Selanjutnya, pemberhentian kami yang kedua hingga terakhir, Helicopter Island. Kami terus melakukannya dengan lebih banyak berenang, snorkeling, dan menikmati sinar matahari.
Saat kami berbaring di pasir, Nammin bertanya, "Ke mana tujuan kita selanjutnya?"
"Tidak tahu. Kemana kita harus pergi? Australia?"
"Tidak, maksudku tujuan kita selanjutnya."
"Tidakkah kamu ingin melihat Great Barrier Reef?"
"Maksudku ke mana kita akan pergi, hari ini?"
"Oh. Saya melihat. Apakah Anda keberatan jika saya meminjam snorkeling Anda?"
Saya bisa melihat awan terbentuk di selatan, tetapi tidak mengetahui pola cuaca, saya tidak tahu apakah itu berarti hujan turun untuk kami atau di tempat lain. Michael datang dan bertanya apakah kami siap untuk pergi.
"Aku berpikir kita bisa menunggu sedikit, " kataku.
"Kita pergi sekarang, " katanya, tersenyum langsung padaku.
"Bukankah lebih baik jika kita menunggu?"
"Kita harus pergi sekarang."
Kami mengisi dan melakukan perjalanan singkat ke Pulau Terabit. Di atas kapal, Nammin, yang mengambil kutu perut, sedang berbaring, mencoba beristirahat. Setiap kali aku melihat kembali ke arah Michael, dia memberiku senyum kemenangan, tatapan “kau sudah mendapatkannya”. Saya menanggapinya dengan ekspresi ketakutan, terutama untuk hiburannya.
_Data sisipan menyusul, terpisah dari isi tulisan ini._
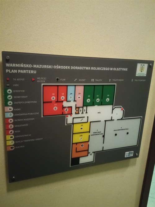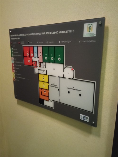 W budynku Warmińsko-Mazurskiego Ośrodka Doradztwa Rolniczego w Olsztynie wykonany został dotykowy plan informacyjny ze znacznikami YourWay Beacon i NFC. Plan ma postać tablicy wykonanej z tworzywa PMMA, usytuowanej w pionie, na ścianie, na dystansach. Na czarnym tle różnymi kolorami oznaczone zostały poszczególne strefy obiektu – na biało, na czerwono, na żółto, na zielono, na niebiesko i na różowo. Dotykowy plan opatrzony jest legendą w brajlu i w czarnym druku.
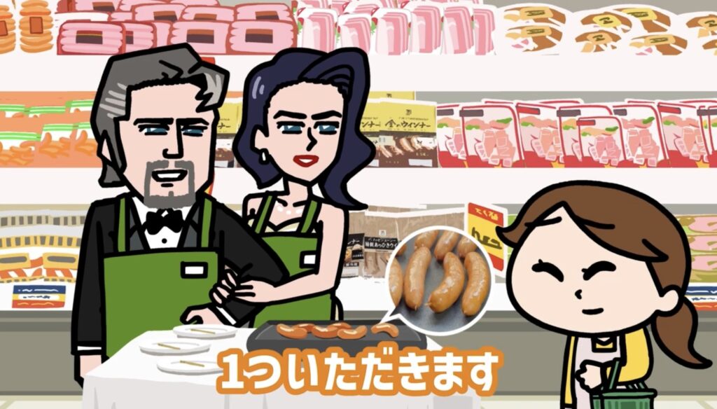 “セレブなのに試食販売をしている”というギャップと、買い物客との軽快なやり取りが作品全体を引っ張り、視聴者は次第に惹き込まれていく。

Kami berlabuh dan turun. Para tukang perahu juga turun tetapi mereka menuju ke arah yang berlawanan, di sekitar tepi jalan masuk, keluar dari pandangan. Pantai itu kosong, jejak kaki kami membuat satu-satunya jejak yang bisa kami lihat - milik kami, milik kami, dan kepiting pasir '- dan setelah kami berjalan selama beberapa menit, saya menemukan hamparan pasir yang bagus.
“Bukankah ini tempat yang indah?” Kataku. "Aku membawamu ke sini untuk menanyakan sesuatu padamu." Aku berlutut dan berkata, "Sejauh ini ini adalah petualangan yang hebat, dan kuharap kita bisa bersama seumur hidup. Maukah Anda menikah dengan saya?"
Setelah minum bir bersama para tukang perahu dan banyak foto, kami kembali ke kapal, dan ketika kami kembali untuk El Nido, hujan mulai turun.
Malam itu di atas San Miguels di pantai di kota, kami tertawa tentang berapa lama waktu yang kubutuhkan untuk mendapatkan krim cukur, tentang tujuan akhir kami di tur pulau, tentang mengapa aku ingin pergi ke El Nido sejak awal. Saya bilang kami datang ke sini karena saya ingin Anda mengatakan ya. Dan kamu melakukannya.